International career
- Years: Team / Apps / (Points)
- Fiji /  / (0)

National sevens team
- Years: Team /  / Comps
- Fiji
- Medal record
Representing Fiji
Women's rugby sevens
Olympic Games
| Bronze medal – third place | 2020 Tokyo | Team competition |
Commonwealth Games
| Silver medal – second place | 2022 Birmingham | Team competition |

= Raijieli Daveua =

Fijian rugby sevens player (born 1992)

Raijieli Daveua (born May 30, 1992) is a Fijian rugby sevens player. She was selected as a member of the Fiji women's national rugby sevens team to the 2016 Summer Olympics.

== Rugby career ==
Daveua also competed for Fiji at the 2020 Summer Olympics in Tokyo. She won a bronze medal at the event.
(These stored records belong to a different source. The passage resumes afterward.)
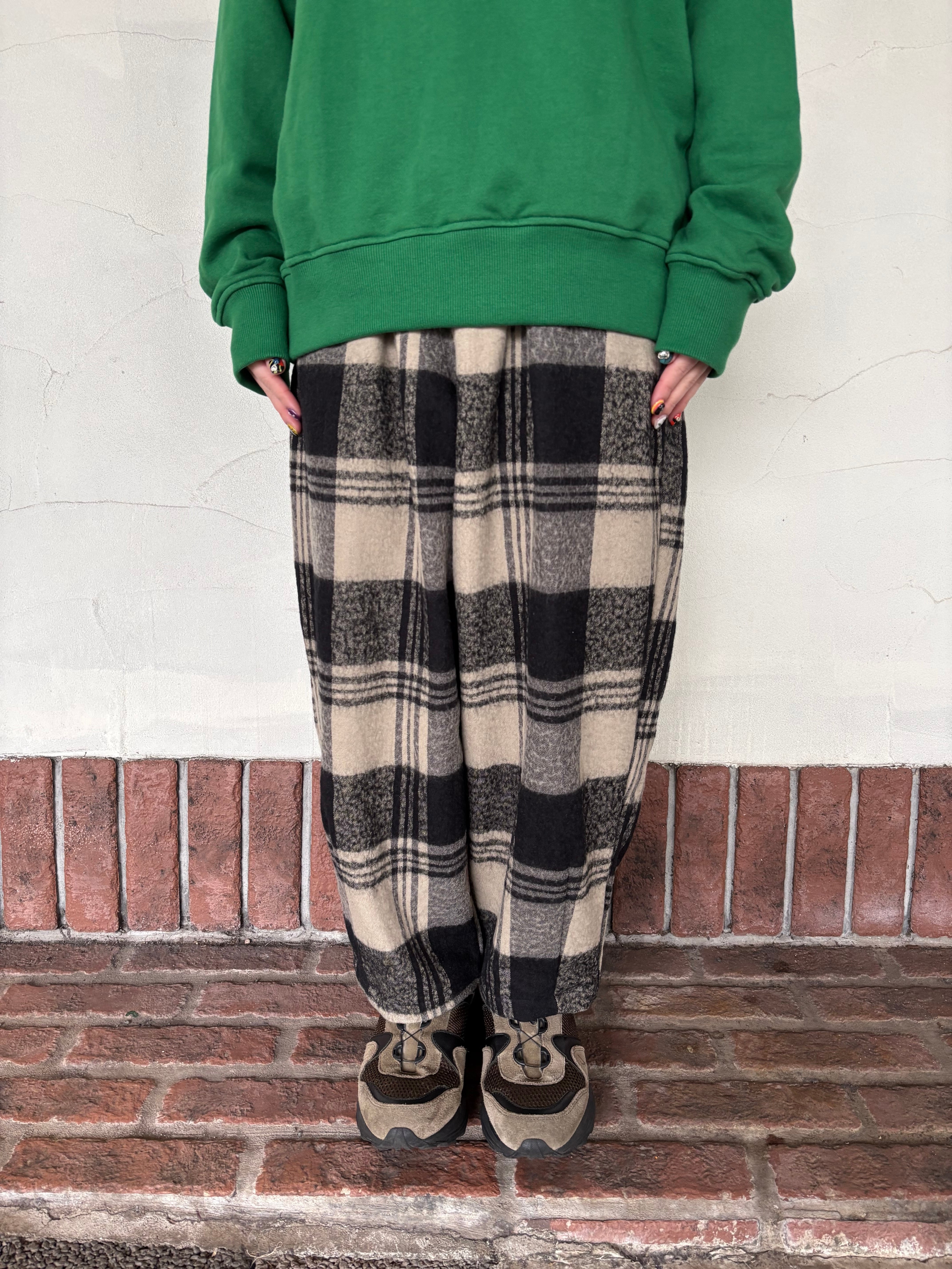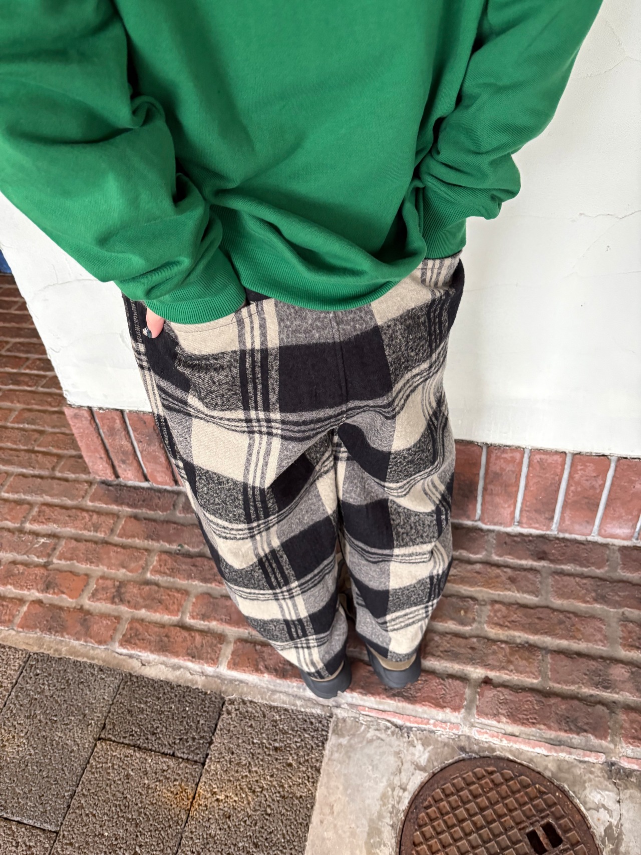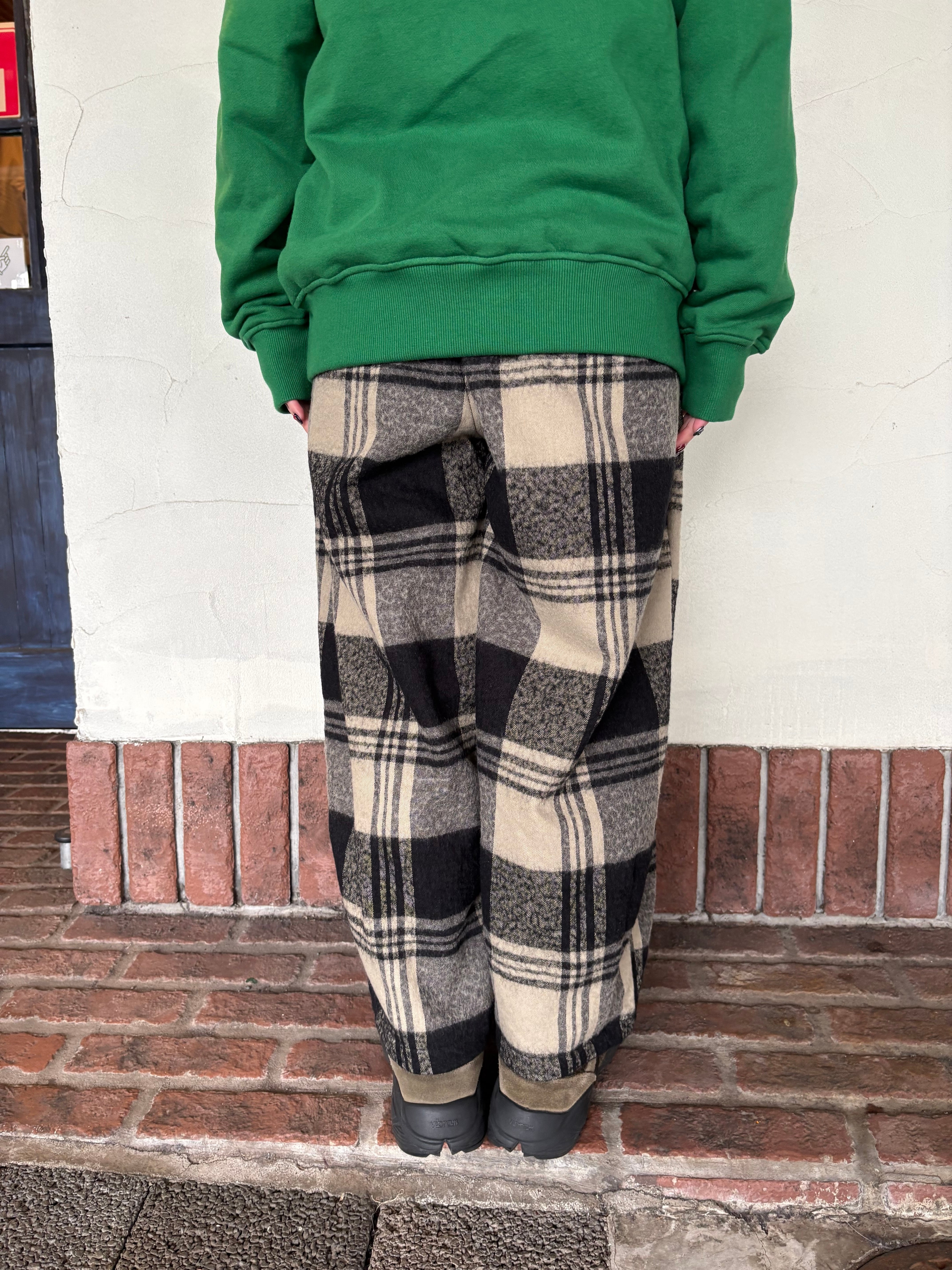 ゆったりとした穿き心地が魅力のチェックテーパードパンツ。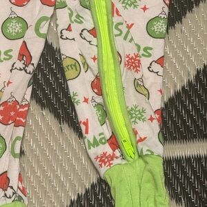 Celebrate the holidays with this festive kids one piece, featuring a cheerful Christmas print. The bright green accents add a playful touch, perfect for the season.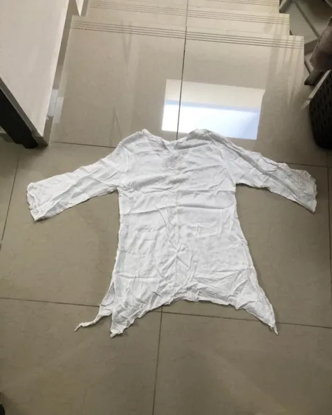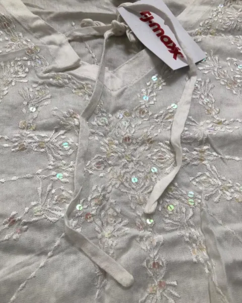 Blusa blanca de dama, tiene lentejuelas bordadas enfrente y un liston de la misma tela de la blusa, es talla XL, nueva y con etiqueta, tiene lentejuela en varias partes de la blusa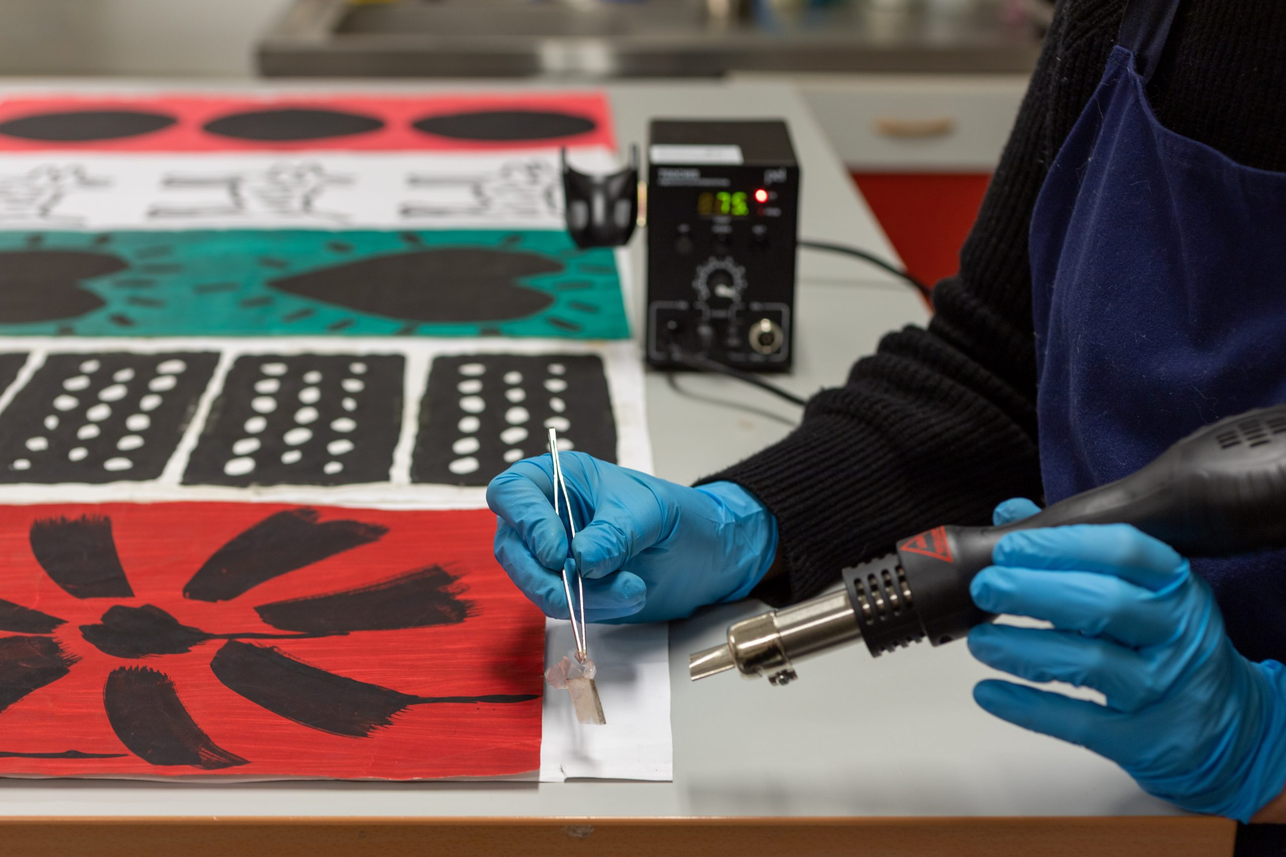 Designarkviets konservator avlägsnar tejp från en skiss till 10-gruppens Happy Birthday-kollektion av Birgitta Hahn (1996). Foto: Designarkivet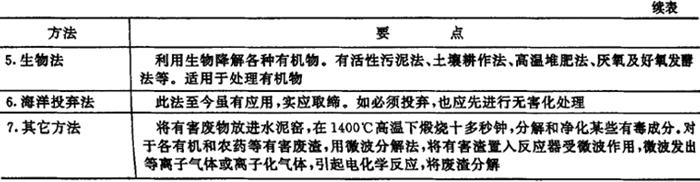 | 释义 | 工业有害废渣的主要处置方法 即使资源化工作不断发展,也难免有各种固体废物的积存,尤其是工业有害废渣,必须采取适当处置以保护资源和保护环境。 1.定义和分类 工业有害废渣指可能对人类健康及环境造成危害的废渣。包括: (1)易燃性 着火点低于60℃,经摩擦或吸湿和自发的化学变化具有着火倾向,点火时燃烧剧烈而持续,易引起火灾的和含氧化剂的废弃物等。 (2)毒性 试样萃取液中的任何一种污染物超过标准浓度。污染物指砷、镉、铬、铅、汞、六氯化苯、甲基氯化物、毒杀芬2.4-D和2.4.5-T等。 (3)腐蚀性 含水废弃物,或不含水但加入定量水后的浸出液,其pH≤3,或pH≥12的废弃物;最低温度为55℃时,对钢制品的腐蚀深度大于0.64cm/年的废弃物。 (4)传染性 含有病原体的实验及医院排出的废物;含有致病性有机物和生物的固体废物。 (5)反应性 通常是不稳定的,能够发生爆炸反应的;和水混合时释放有毒烟雾的;属于A级或B级的炸药、引火物质、自动聚合物和各种氧化剂。 (6)放射性 含有天然放射性元素的废物,比放射性大于1×10-7Ci/kg者,应按放射性废物处理。含有人工放射性元素的废物,比放射性(Ci/kg)大于露天水源限制浓度100倍(半衰期≤60天)或10倍(半衰期>60天)者,应按放射性废物处理。 2.处置方法(见表7.5.3-1) 表7.5.3-1 工业有害渣处置方法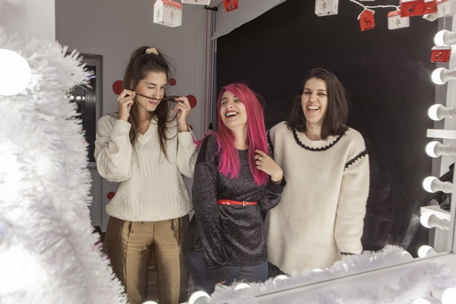 Κάποια στιγμή, κατά τη διάρκεια της βραδιάς, στο σαλόνι μείναμε μόνο άνδρες. Με ζωγραφισμένη στα πρόσωπά μας την απορία “πού πήγαν οι γυναίκες”, ανακαλύψαμε πως είχε στηθεί ένα make-up workshop στο beauty room του House Twenty Four, για εκείνες που ήθελαν να δοκιμάσουν ένα διαφορετικό, γιορτινό make-up. Και η αλήθεια είναι πως λίγο έλειψε να κλέψουν τη λάμψη του δέντρου.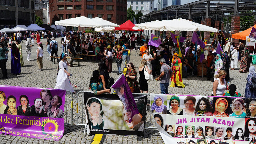 وألقت المتحدثة باسم YJK-E آيتن كابلان كلمة باللغة الألمانية حول الهدف من إقامة المهرجان ونضال المرأة، ثم أضافت ميرال ألكان الألوان مع الأغاني التي غنتها باللغتين الكردية والتركية.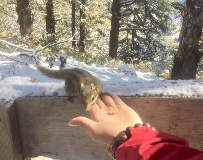 林中不时蹿出小松鼠出来觅食,一起一落间抖落树枝的雪花,落到行人一头一身。小松鼠在夏季光滑鲜亮的黑褐毛色到了冬季变成绵密蓬松的深灰色,亮晶晶的眼睛,像噙着眼泪,我们把把坚果,小饼干放在手心,它轻轻的走过来,温凉绵软的小爪子小心翼翼的搭在手心,心瞬间被这呆萌的小东西融化了,很想摸一摸它绵软的皮毛,又怕惊走了它。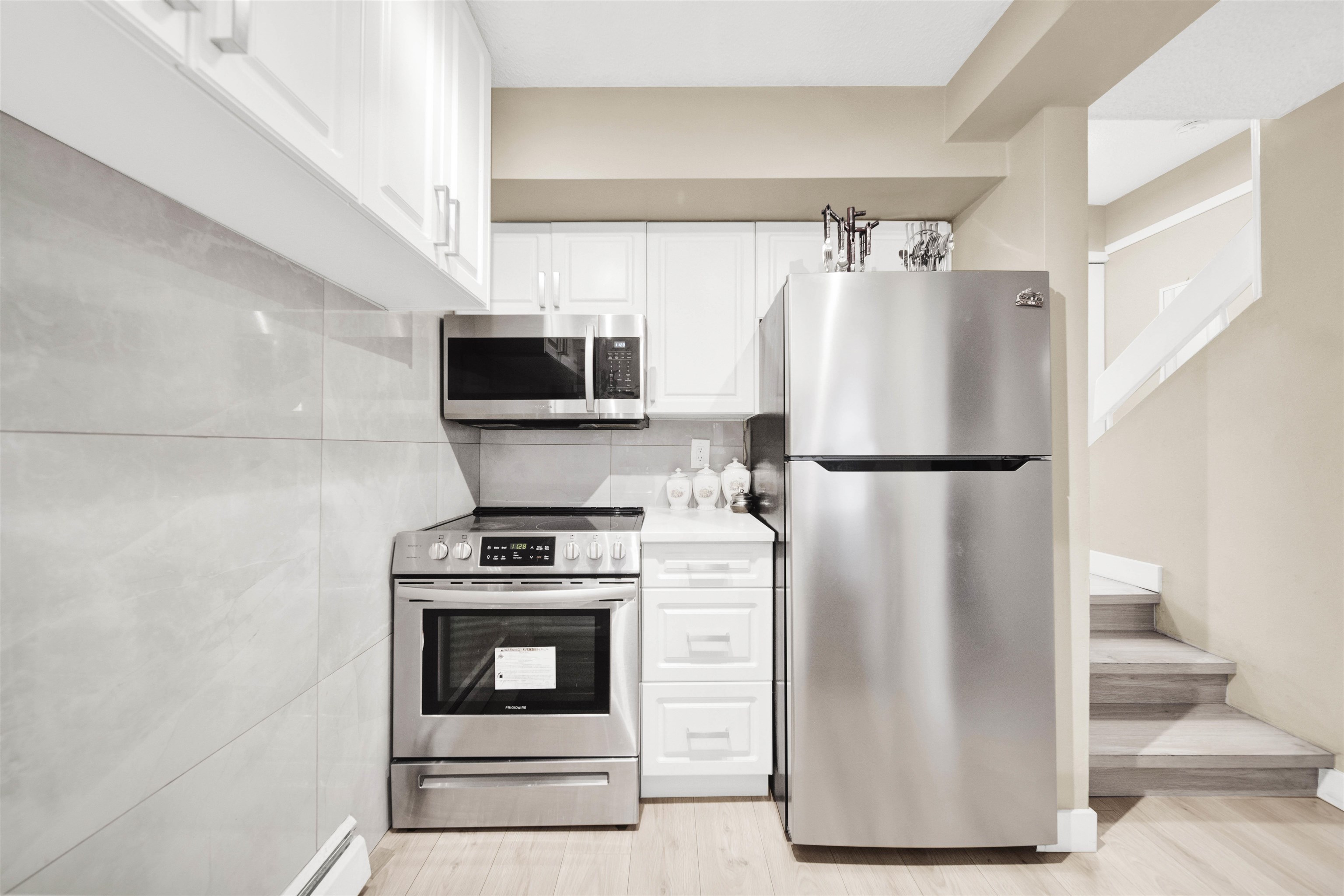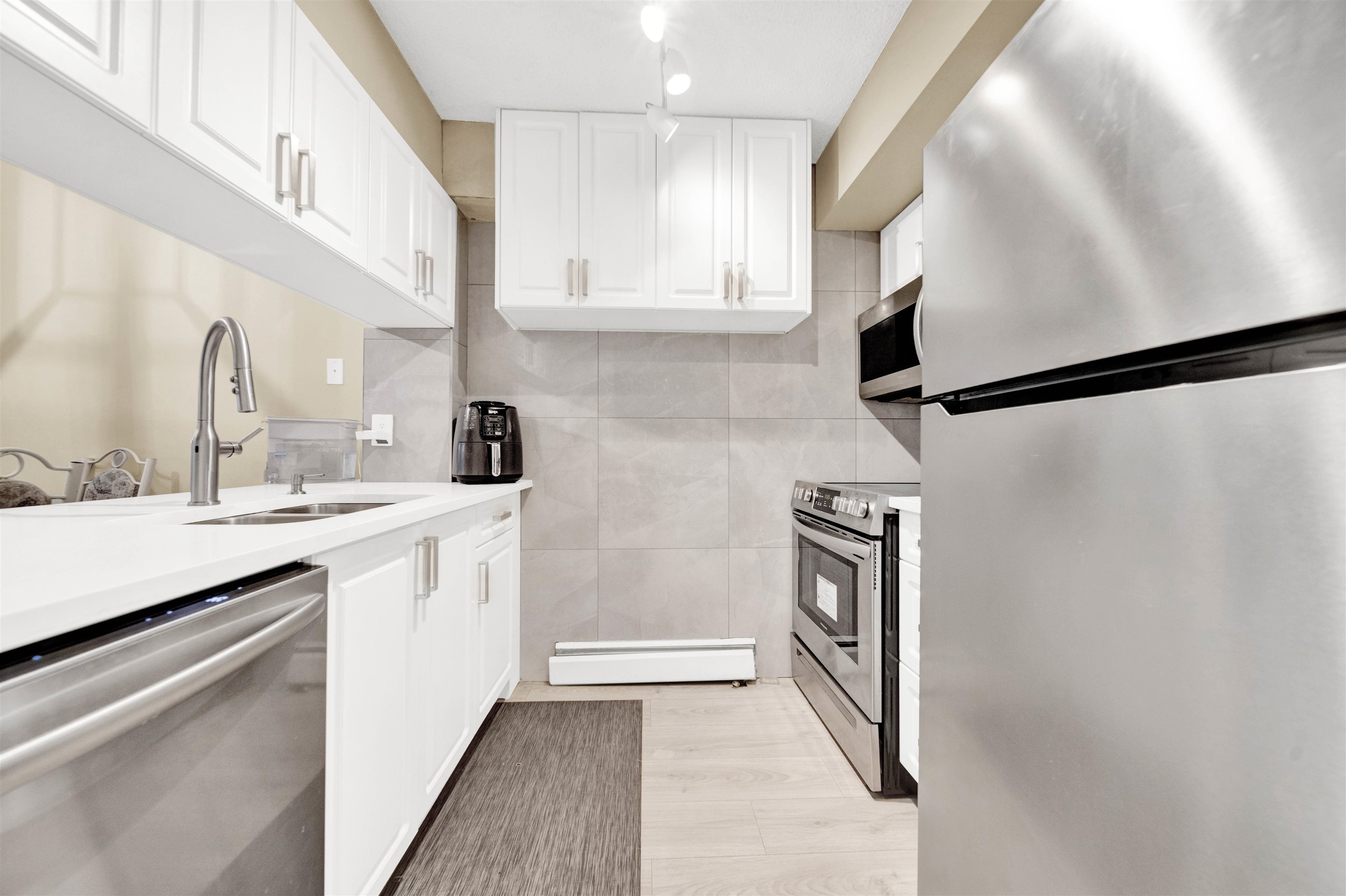 2 bed 2 bath corner townhome in the heart of Cloverdale. Renovated - main floor features fully renovated kitchen with new kitchen cabinets, quartz countertop, new appliances & dining room/living room with laminate flooring. New paint & carpet throughout. Separate laundry room with storage & powder all on the main. Upstairs - 2 large bedrooms with new paint & new elegant light fixtures. Main bathroom has new quartz countertop and new vanity cabinets; new vanity light fixture with new tiles on the bathtub wal...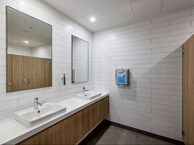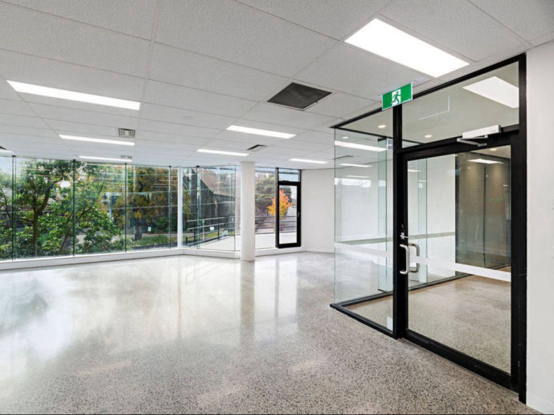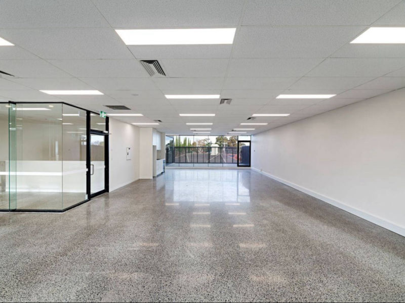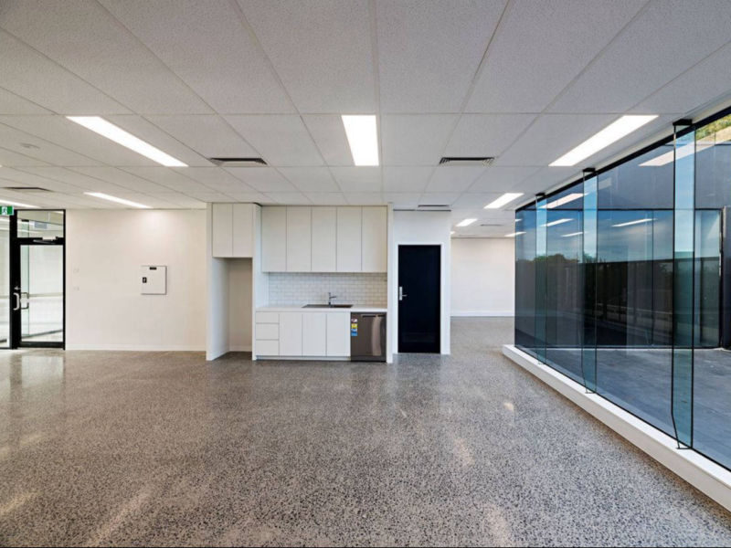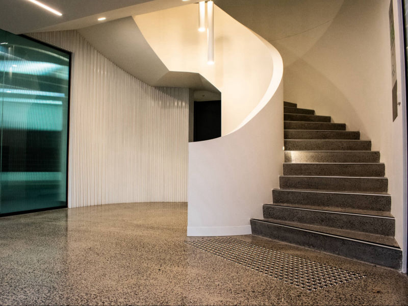 Description: We demolished and reinstalled new and improved finishes to this large office space, lobby and communal bathroom in Kew. The architecturally designed works included polished concrete floors, a feature curved plaster stair balustrade, new kitchenettes and bathrooms and painting throughout.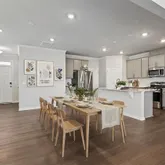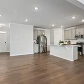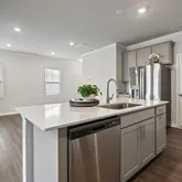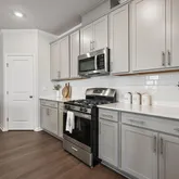 Premium Quartz countertops and a massive entertaining island. Elegant grey cabinetry complemented by a modern tiled backsplash. Stainless steel appliances with a vented-out microwave. A spacious walk-in pantry for ample storage. Refined Second Level

Daveua won a silver medal with the Fijiana sevens team at the 2022 Commonwealth Games in Birmingham. She also featured at the 2022 Rugby World Cup Sevens in Cape Town.

Daveua was named on the bench in the warm up match against Canada ahead of the World Cup. She was selected for the Fijiana squad to the 2021 Rugby World Cup in New Zealand.

She represented Fiji at the 2024 Summer Olympics in Paris.